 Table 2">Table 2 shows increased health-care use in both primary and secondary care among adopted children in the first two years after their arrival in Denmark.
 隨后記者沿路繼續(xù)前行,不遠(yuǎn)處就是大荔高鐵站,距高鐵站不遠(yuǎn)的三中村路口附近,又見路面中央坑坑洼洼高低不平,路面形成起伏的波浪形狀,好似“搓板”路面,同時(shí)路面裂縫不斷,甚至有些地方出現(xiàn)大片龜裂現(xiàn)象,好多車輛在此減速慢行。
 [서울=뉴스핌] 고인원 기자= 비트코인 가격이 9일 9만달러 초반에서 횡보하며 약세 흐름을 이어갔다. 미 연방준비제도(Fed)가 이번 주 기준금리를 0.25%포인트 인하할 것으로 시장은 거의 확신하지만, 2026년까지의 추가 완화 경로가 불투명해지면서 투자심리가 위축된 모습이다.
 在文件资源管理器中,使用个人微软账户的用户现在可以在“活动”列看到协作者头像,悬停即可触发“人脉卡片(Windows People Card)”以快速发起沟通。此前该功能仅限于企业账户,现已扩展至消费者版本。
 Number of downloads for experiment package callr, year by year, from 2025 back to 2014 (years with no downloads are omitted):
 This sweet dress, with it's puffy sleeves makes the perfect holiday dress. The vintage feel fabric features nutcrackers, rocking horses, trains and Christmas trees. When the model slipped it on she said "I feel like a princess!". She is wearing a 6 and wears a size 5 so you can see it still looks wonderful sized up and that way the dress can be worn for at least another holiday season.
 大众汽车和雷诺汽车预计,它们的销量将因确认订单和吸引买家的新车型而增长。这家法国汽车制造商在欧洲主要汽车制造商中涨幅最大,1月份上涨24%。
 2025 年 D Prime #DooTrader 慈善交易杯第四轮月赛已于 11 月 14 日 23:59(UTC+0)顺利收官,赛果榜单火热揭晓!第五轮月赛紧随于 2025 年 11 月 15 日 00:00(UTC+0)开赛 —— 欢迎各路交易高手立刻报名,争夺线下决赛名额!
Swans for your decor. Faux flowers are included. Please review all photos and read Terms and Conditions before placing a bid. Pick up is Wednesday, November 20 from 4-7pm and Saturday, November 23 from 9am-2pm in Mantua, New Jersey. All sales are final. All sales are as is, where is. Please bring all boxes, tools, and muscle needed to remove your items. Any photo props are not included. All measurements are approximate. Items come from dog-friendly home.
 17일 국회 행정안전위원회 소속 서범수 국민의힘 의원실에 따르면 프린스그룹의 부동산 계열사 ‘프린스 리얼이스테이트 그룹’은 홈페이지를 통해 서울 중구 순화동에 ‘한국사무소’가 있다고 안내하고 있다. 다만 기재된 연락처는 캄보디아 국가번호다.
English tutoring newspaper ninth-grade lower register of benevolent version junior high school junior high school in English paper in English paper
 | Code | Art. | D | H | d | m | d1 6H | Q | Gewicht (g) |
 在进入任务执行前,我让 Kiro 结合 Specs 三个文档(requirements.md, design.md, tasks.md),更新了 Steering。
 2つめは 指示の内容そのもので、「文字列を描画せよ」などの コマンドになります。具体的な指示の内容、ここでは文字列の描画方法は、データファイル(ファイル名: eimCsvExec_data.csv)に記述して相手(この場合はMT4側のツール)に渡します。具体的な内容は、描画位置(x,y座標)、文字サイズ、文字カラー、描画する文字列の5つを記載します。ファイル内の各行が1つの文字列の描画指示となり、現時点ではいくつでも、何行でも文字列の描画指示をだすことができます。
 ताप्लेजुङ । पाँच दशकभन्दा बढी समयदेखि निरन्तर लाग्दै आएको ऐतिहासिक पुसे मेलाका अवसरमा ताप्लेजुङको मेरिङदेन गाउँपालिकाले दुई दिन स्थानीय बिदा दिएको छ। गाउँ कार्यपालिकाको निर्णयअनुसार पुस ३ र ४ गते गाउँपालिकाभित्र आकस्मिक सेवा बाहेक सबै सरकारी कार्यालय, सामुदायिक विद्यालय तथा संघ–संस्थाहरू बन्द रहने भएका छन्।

::::

-- Problem details --
In the data above, find the line that contains "Number of downloads", then reproduce exactly every line from the first line through that line.

-- Task response --
 Table 2">Table 2 shows increased health-care use in both primary and secondary care among adopted children in the first two years after their arrival in Denmark.
 隨后記者沿路繼續(xù)前行,不遠(yuǎn)處就是大荔高鐵站,距高鐵站不遠(yuǎn)的三中村路口附近,又見路面中央坑坑洼洼高低不平,路面形成起伏的波浪形狀,好似“搓板”路面,同時(shí)路面裂縫不斷,甚至有些地方出現(xiàn)大片龜裂現(xiàn)象,好多車輛在此減速慢行。
 [서울=뉴스핌] 고인원 기자= 비트코인 가격이 9일 9만달러 초반에서 횡보하며 약세 흐름을 이어갔다. 미 연방준비제도(Fed)가 이번 주 기준금리를 0.25%포인트 인하할 것으로 시장은 거의 확신하지만, 2026년까지의 추가 완화 경로가 불투명해지면서 투자심리가 위축된 모습이다.
 在文件资源管理器中,使用个人微软账户的用户现在可以在“活动”列看到协作者头像,悬停即可触发“人脉卡片(Windows People Card)”以快速发起沟通。此前该功能仅限于企业账户,现已扩展至消费者版本。
 Number of downloads for experiment package callr, year by year, from 2025 back to 2014 (years with no downloads are omitted):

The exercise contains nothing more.